#### TASK TO COMPLETE:
The reply should contain every line of the data, repeated exactly, and no pictures.

#### DATASET EXCERPT:
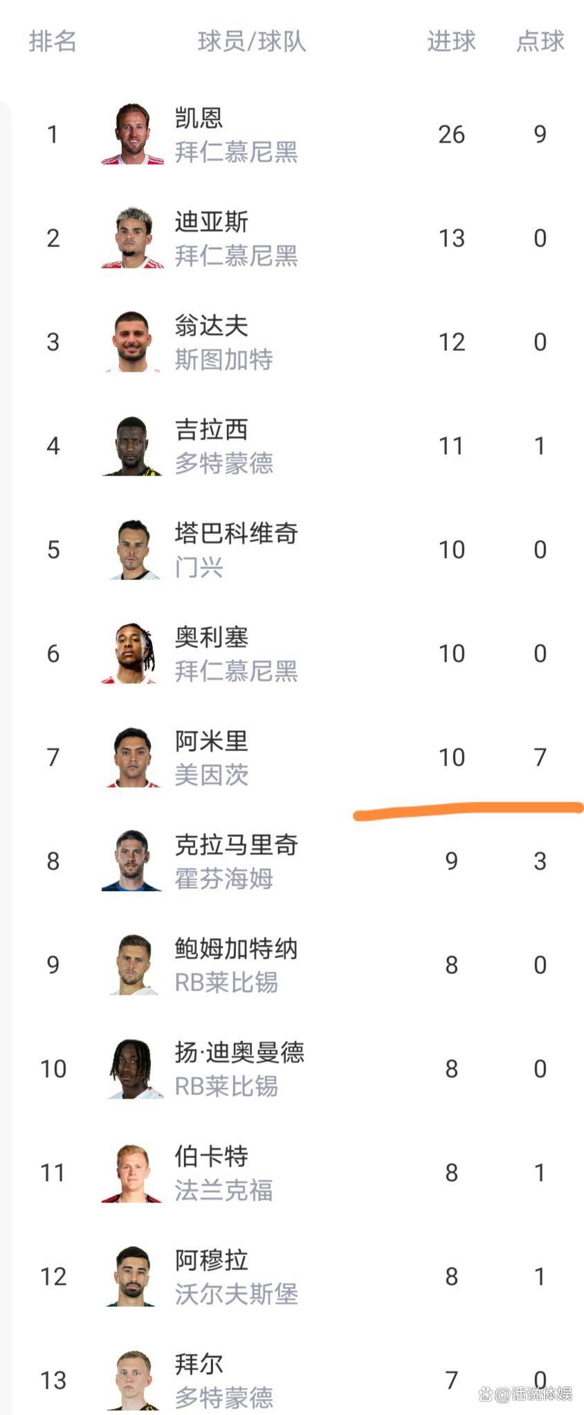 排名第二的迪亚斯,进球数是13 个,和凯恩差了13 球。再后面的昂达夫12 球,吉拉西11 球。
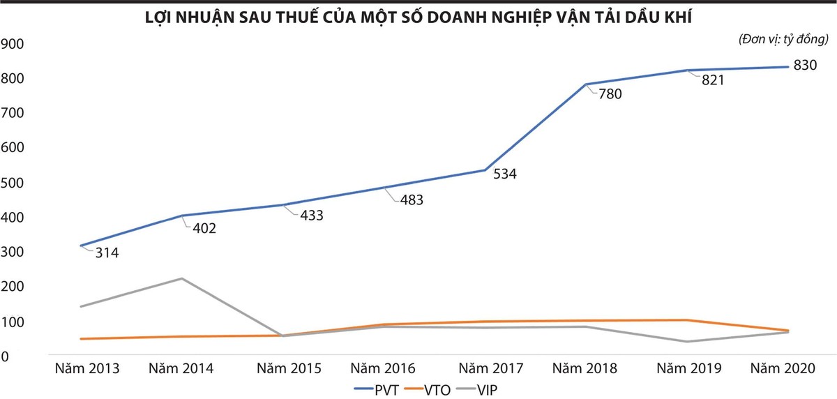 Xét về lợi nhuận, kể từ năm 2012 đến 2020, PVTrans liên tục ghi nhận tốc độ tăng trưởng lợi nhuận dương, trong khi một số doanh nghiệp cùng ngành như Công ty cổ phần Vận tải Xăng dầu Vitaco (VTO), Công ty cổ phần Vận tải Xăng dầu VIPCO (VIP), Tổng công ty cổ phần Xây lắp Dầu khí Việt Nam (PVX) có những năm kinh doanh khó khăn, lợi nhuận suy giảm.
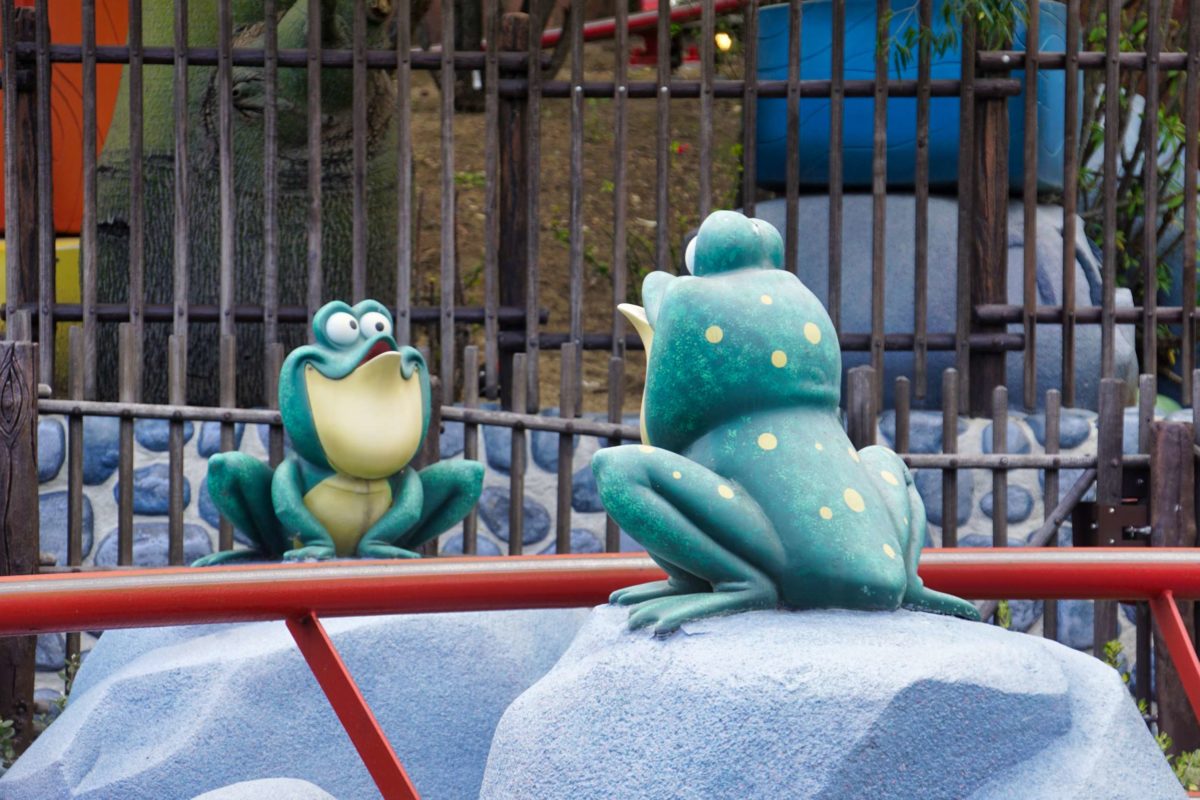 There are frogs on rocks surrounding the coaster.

#### RESULT BELOW:
 排名第二的迪亚斯,进球数是13 个,和凯恩差了13 球。再后面的昂达夫12 球,吉拉西11 球。
 Xét về lợi nhuận, kể từ năm 2012 đến 2020, PVTrans liên tục ghi nhận tốc độ tăng trưởng lợi nhuận dương, trong khi một số doanh nghiệp cùng ngành như Công ty cổ phần Vận tải Xăng dầu Vitaco (VTO), Công ty cổ phần Vận tải Xăng dầu VIPCO (VIP), Tổng công ty cổ phần Xây lắp Dầu khí Việt Nam (PVX) có những năm kinh doanh khó khăn, lợi nhuận suy giảm.
 There are frogs on rocks surrounding the coaster.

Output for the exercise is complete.